[Stored data entries]
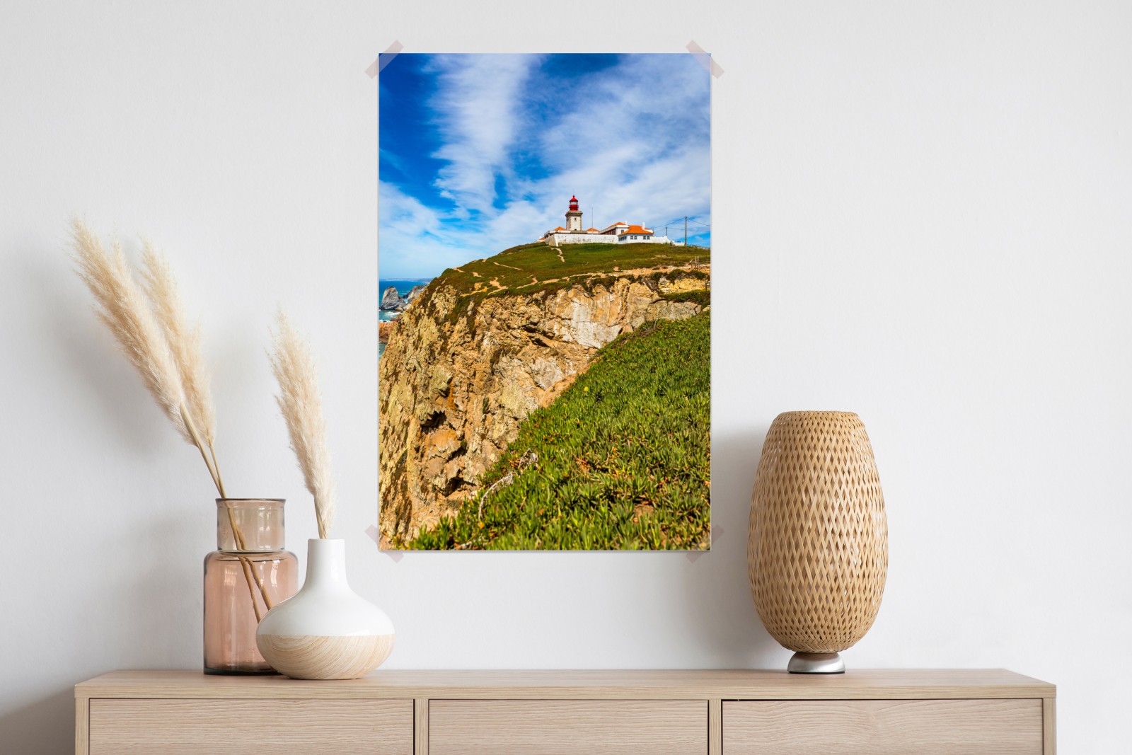 Odkryj dramatyczne piękno wybrzeża Cabo da Roca dzięki tej żywej scenie z latarnią morską, idealnej do ozdobienia ściany.
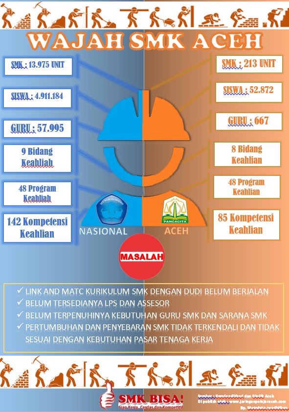Berbagai program telah di rumuskan oleh pemerintah pusat dan Pemerintah Aceh untuk kembali memvitalisasi peran SMK, mulai dari program keahlian ganda hingga modifikasi kurikulum di tingkat sekolah. Semoga usaha ini mendapat dukungan dari Dunia Usaha dan Industri sebagai user lulusan SMK. untuk lebih mengenal Wajah SMK kita, berikut metadata jaringanpelajaraceh.com menyajikan beberapa informasi tentang kondisi SMK kita saat ini. semoga bermanfaat.
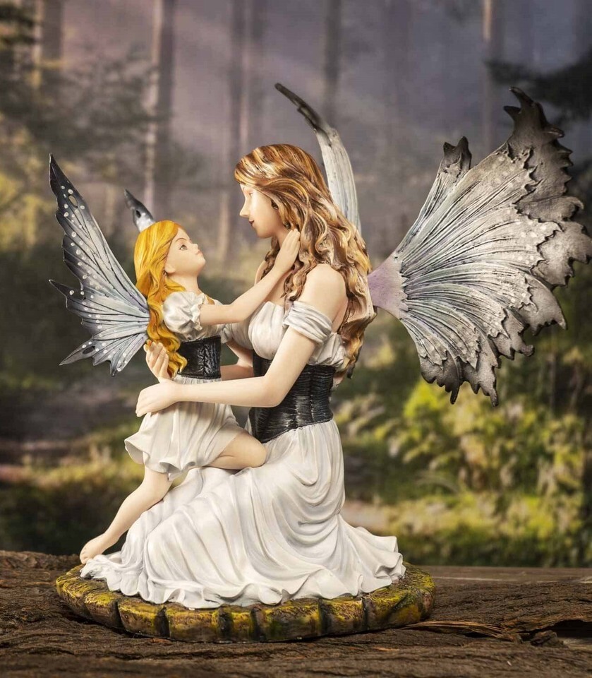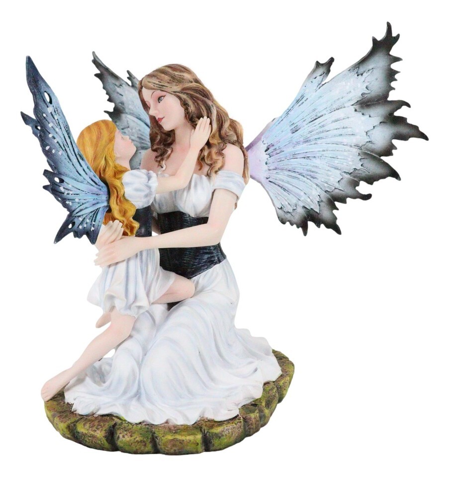 ? A sweet celebration of the love between mother and child! This beautiful figurine features two fairies, a mom and daughter. The pixie pair gaze at one another, sharing a tender moment in a peaceful forest glade. They wear matching white dresses with corsets and have fluttering butterfly wings. An excellent gift for Mother's Day, or any other time you want to show appreciation for the maternal figures in your life!
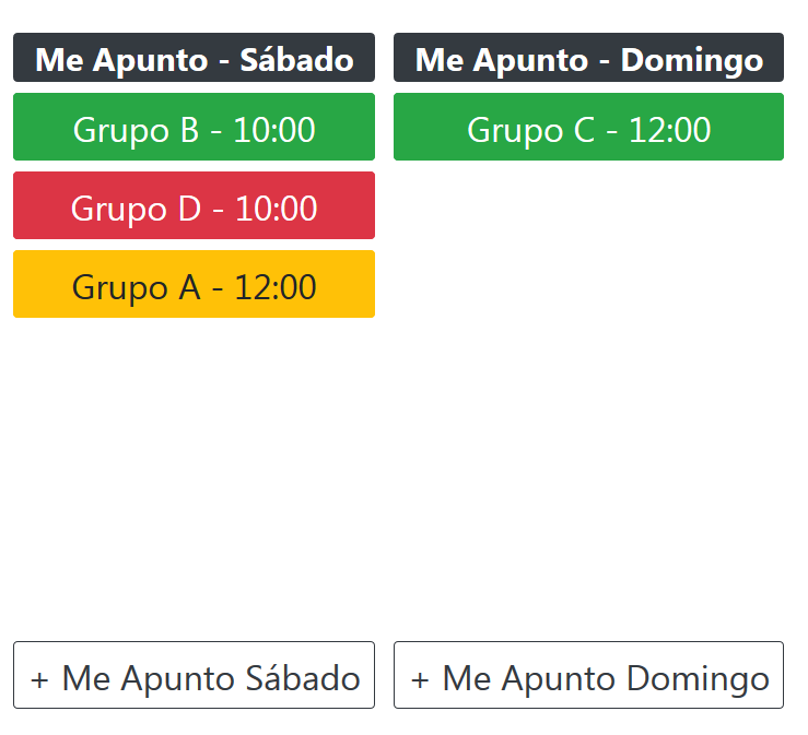 El propio color del botón indica si hay alguna pista libre o semilibre o bien si el día está todo completo. En el ejemplo de la imagen se ve el botón “Sábado” en rojo porque todas las pistas están ocupadas. En cambio, el botón “Domingo” aparece en blanco indicando que o hay alguna pista libre (no asignada a ningún grupo ni a ninguna pareja) o hay alguna pista semilibre (está asignada a alguna pareja que está buscando rival de su mismo grupo).
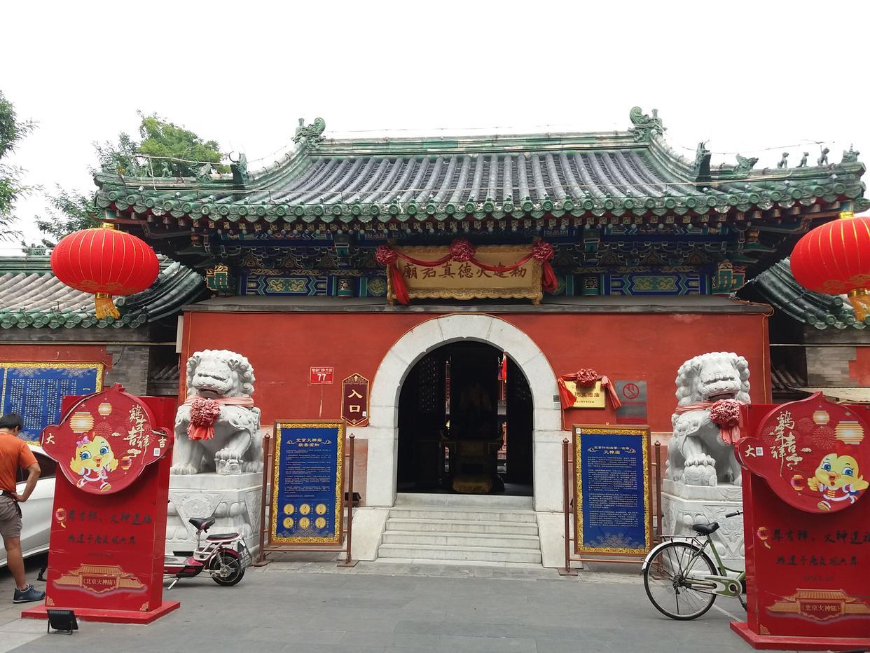 火德真君庙,俗称“火神庙”,是北京市级文物保护单位,也是中国道教协会的直属宫观。这座庙宇坐北朝南,山门向东,给人一种庄严肃穆的感觉。庙内的殿宇多使用琉璃瓦覆顶,除了火祖殿两侧各两间及斗姥阁两侧各五间的配房为灰瓦外,清乾隆时期又将山门及万岁景命阁增为黄瓦。庙内主要建筑布列在南北中轴线上,给人一种井然有序的感觉。自南而北,首先是灵官殿,又称隆恩殿,殿内供奉着道教护法神王灵官;接着是荧惑宝殿,供奉着火德荧惑星君;再往北是斗姥阁和万岁景命阁,其中万岁景命阁俗称玉皇阁。
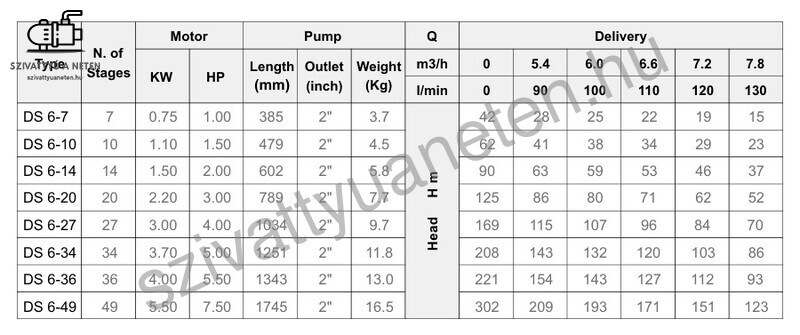 merülő, csőbúvár szivattyú 4 colos méretben
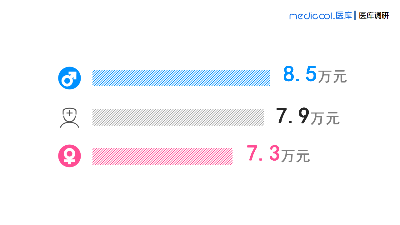 2019年医生的平均收入是7.9万元,而2018年医生的平均收入是7.1万元,相比2018年平均收入有所提升,但增幅并不大。另外,我们发现,男医生比女医生的整体年薪高1.2万元。

**TRY IT**
The copy you write must hold every record verbatim and none of the pictures.

**SOLVED PROBLEM**
 Odkryj dramatyczne piękno wybrzeża Cabo da Roca dzięki tej żywej scenie z latarnią morską, idealnej do ozdobienia ściany.
Berbagai program telah di rumuskan oleh pemerintah pusat dan Pemerintah Aceh untuk kembali memvitalisasi peran SMK, mulai dari program keahlian ganda hingga modifikasi kurikulum di tingkat sekolah. Semoga usaha ini mendapat dukungan dari Dunia Usaha dan Industri sebagai user lulusan SMK. untuk lebih mengenal Wajah SMK kita, berikut metadata jaringanpelajaraceh.com menyajikan beberapa informasi tentang kondisi SMK kita saat ini. semoga bermanfaat.
 ? A sweet celebration of the love between mother and child! This beautiful figurine features two fairies, a mom and daughter. The pixie pair gaze at one another, sharing a tender moment in a peaceful forest glade. They wear matching white dresses with corsets and have fluttering butterfly wings. An excellent gift for Mother's Day, or any other time you want to show appreciation for the maternal figures in your life!
 El propio color del botón indica si hay alguna pista libre o semilibre o bien si el día está todo completo. En el ejemplo de la imagen se ve el botón “Sábado” en rojo porque todas las pistas están ocupadas. En cambio, el botón “Domingo” aparece en blanco indicando que o hay alguna pista libre (no asignada a ningún grupo ni a ninguna pareja) o hay alguna pista semilibre (está asignada a alguna pareja que está buscando rival de su mismo grupo).
 火德真君庙,俗称“火神庙”,是北京市级文物保护单位,也是中国道教协会的直属宫观。这座庙宇坐北朝南,山门向东,给人一种庄严肃穆的感觉。庙内的殿宇多使用琉璃瓦覆顶,除了火祖殿两侧各两间及斗姥阁两侧各五间的配房为灰瓦外,清乾隆时期又将山门及万岁景命阁增为黄瓦。庙内主要建筑布列在南北中轴线上,给人一种井然有序的感觉。自南而北,首先是灵官殿,又称隆恩殿,殿内供奉着道教护法神王灵官;接着是荧惑宝殿,供奉着火德荧惑星君;再往北是斗姥阁和万岁景命阁,其中万岁景命阁俗称玉皇阁。
 merülő, csőbúvár szivattyú 4 colos méretben
 2019年医生的平均收入是7.9万元,而2018年医生的平均收入是7.1万元,相比2018年平均收入有所提升,但增幅并不大。另外,我们发现,男医生比女医生的整体年薪高1.2万元。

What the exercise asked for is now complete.